### Exercise description
Reproduce every line of the material below exactly. No pictures belong in the copy.

Start of Data section

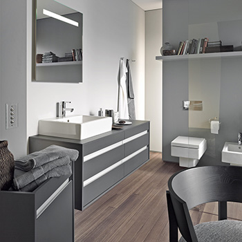 Badeværelsesskabs- og skuffefronte fra Duravit i mørk antracit giver flot kant og kontrast til det hvide keramik.
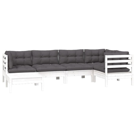 6 Piece Garden Lounge Set with Cushions White Pinewood
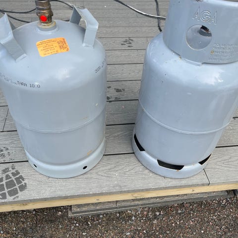 Gassflaske Tara 11,9 kg grå stål industrikobbling.Kan byttes i andre.

End of Data section

### Output
 Badeværelsesskabs- og skuffefronte fra Duravit i mørk antracit giver flot kant og kontrast til det hvide keramik.
 6 Piece Garden Lounge Set with Cushions White Pinewood
 Gassflaske Tara 11,9 kg grå stål industrikobbling.Kan byttes i andre.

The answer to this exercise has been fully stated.